--- Source material ---
*** Block opens ***

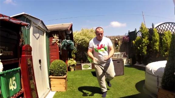 Mark Evans bounced a tennis ball 127 times alternately on two wine bottles While standing on his right foot.
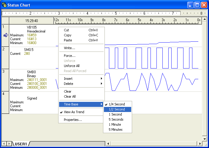 在趋势图中点击鼠标右键,在快捷菜单中可以设置图形更新的时基(速率)。在这里选择的速率仅是Micro/WIN图形刷新的速率,与实际的变量变化无关。
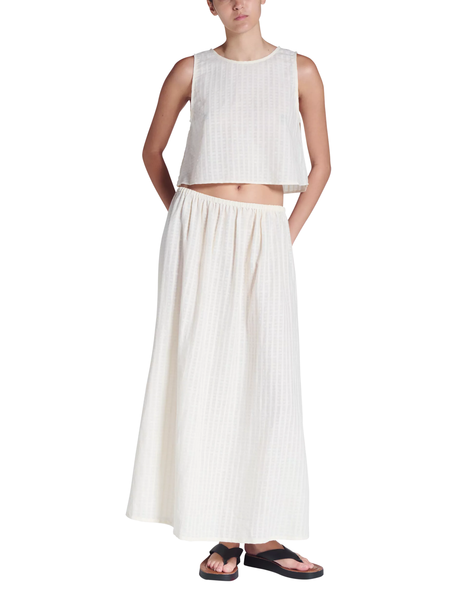The Kobe vest features a rounded neck and cropped hem. Made from a soft, lightweight cotton and linen blend for summer months, with an elevated sheer stripe for texture.

*** Block closes ***

--- Assignment ---
Quote exactly the lines from the one that contains "在趋势图中点击鼠标右键,在快" through the end of the listing above, both ends included, leaving out the pictures.

--- Reply ---
 在趋势图中点击鼠标右键,在快捷菜单中可以设置图形更新的时基(速率)。在这里选择的速率仅是Micro/WIN图形刷新的速率,与实际的变量变化无关。
The Kobe vest features a rounded neck and cropped hem. Made from a soft, lightweight cotton and linen blend for summer months, with an elevated sheer stripe for texture.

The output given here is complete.